The steady rise of DVS over the last decade has ramped up these past 18 months, with significant increases associated with COVID-19-related quarantine and social distancing measures. Even as remote work and virtual school directives wane, our patients’ dependence on digital devices will likely remain high. The visual needs of our patients are changing, and the way that we evaluate and treat them needs to change as well.
The DVS-BVD connection
While many DVS symptoms are related to increased screen time, DVS symptoms also overlap with and are exacerbated by those of binocular vision dysfunction (BVD). There are several types of BVD, including amblyopia, strabismus and various forms of eye misalignment. Most patients with DVS exhibit some degree of eye misalignment, and this misalignment is at the root of shared DVS/BVD symptoms. Although the exact mechanism is unclear, it is suspected that eye misalignment overstimulates the trigeminal nerve, and this leads to symptoms such as headache, neck pain and eye strain.

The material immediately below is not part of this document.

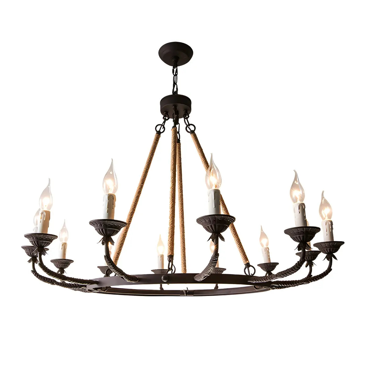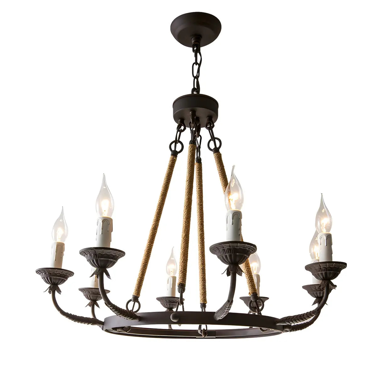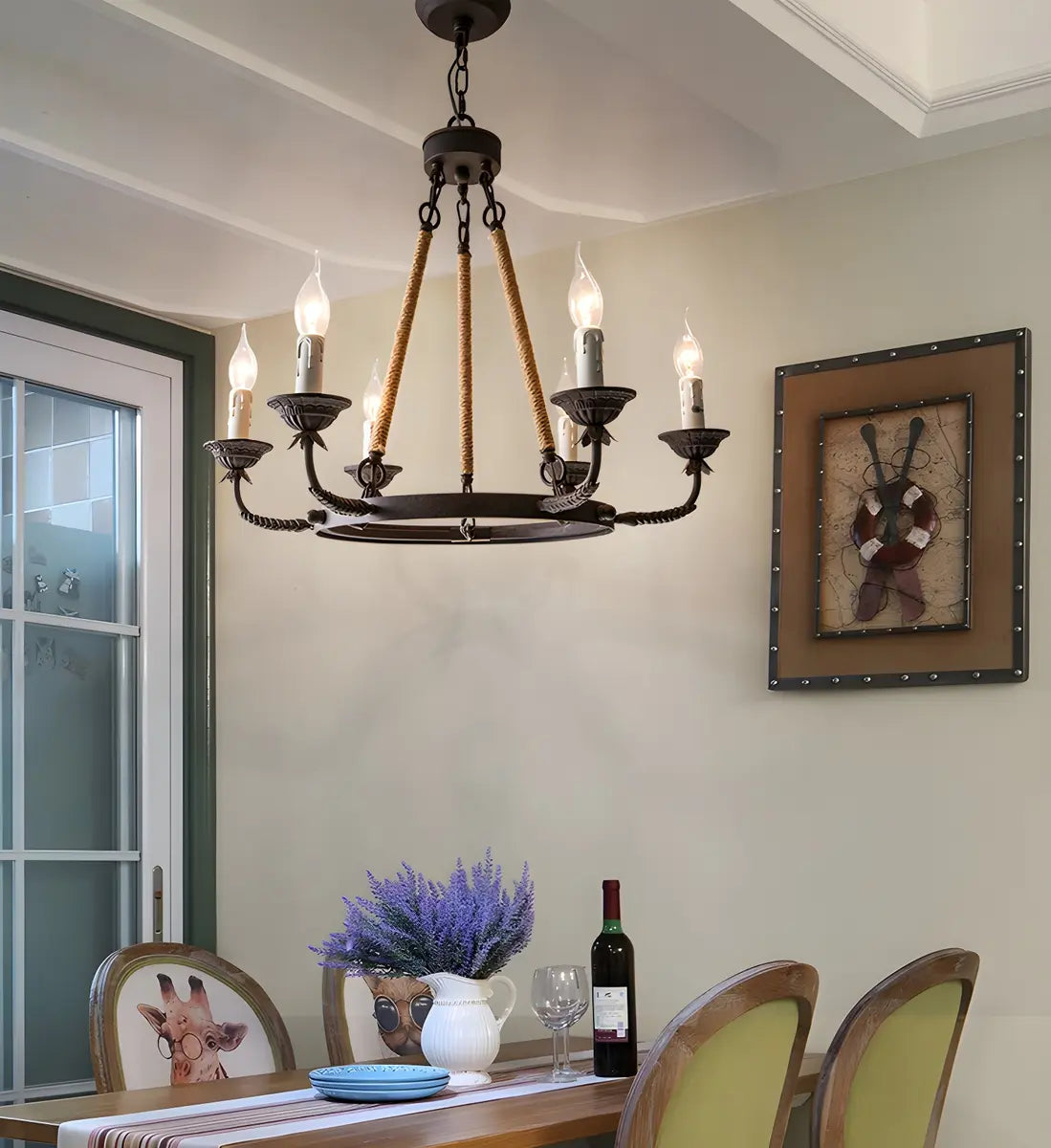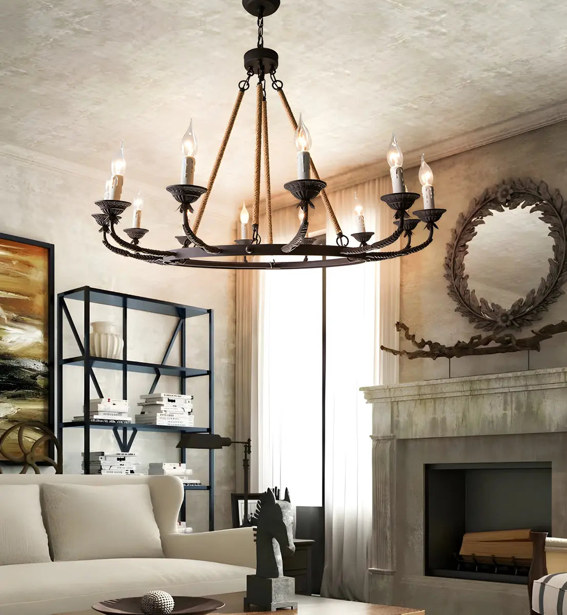 This ZOWALA pastoral-style chandelier adopts a delicate wheel rope design and combines multiple candlestick bulbs to create a visual effect that perfectly blends traditional and industrial styles. It is suitable for large living rooms or restaurants and becomes the focus of the room.

Convergence insufficiency (CI), in which a patient presents with an eye misalignment with greater exophoria at near than far, is the most common BVD. It is often thought that with BVDs, symptomatic patients tend to exhibit large phoria or fixation disparity. The assumption is that these large phoric measurements reflect a breakdown of the binocular vision system, especially the accommodation and vergence mechanisms. But this is not accurate.
The literature makes it clear that there is no correlation between the severity of BVD symptoms and the severity of the phoria. Data from the Convergence Insufficiency Treatment Trial showed no correlation between the amount of exophoria and the severity of patient symptoms (Bade et al.). And scores from the Convergence Insufficiency Symptom Survey also did not correlate with the severity of the clinical signs, such as near point of convergence or positive fusional vergence limits (Borsting et al.). These studies and my own anecdotal experience indicate that a patient with 1 D of exophoria and a patient with 10 D of exophoria, with no other ocular or extraocular problems related to DVS, might both experience a similar magnitude of eyestrain and need to be treated appropriately.
Far too often, only patients with larger phoria are diagnosed and treated while individuals who could benefit from small prismatic corrections of less than 2 D are overlooked. The reason for this may be the imprecise nature of traditional measurement methods. Techniques such as the alternating cover test result in poor repeatability, limiting a clinician’s ability to measure small eye deviations accurately. The smallest phoria value that can be detected with the cover test is about 2 D to 3 D, and other methods, including the Howell near phoria card, the Maddox rod and the von Graefe prism dissociation test, are also hampered by subjectivity and the inability to accurately test prism in the small increments needed of 0.1 D.
In my practice, we recognize the need for precise and reliable phoria measurements, so we utilize the neurolens Measurement Device, Generation 2 (nMD2, neurolens). The nMD2 takes an objective, accurate and repeatable measurement of horizontal and vertical phorias and other alignment information. It acquires more than 10,000 data points per patient and identifies eye misalignment as small as 0.1 D, accomplishing this in less than 3 minutes, according to the manufacturer.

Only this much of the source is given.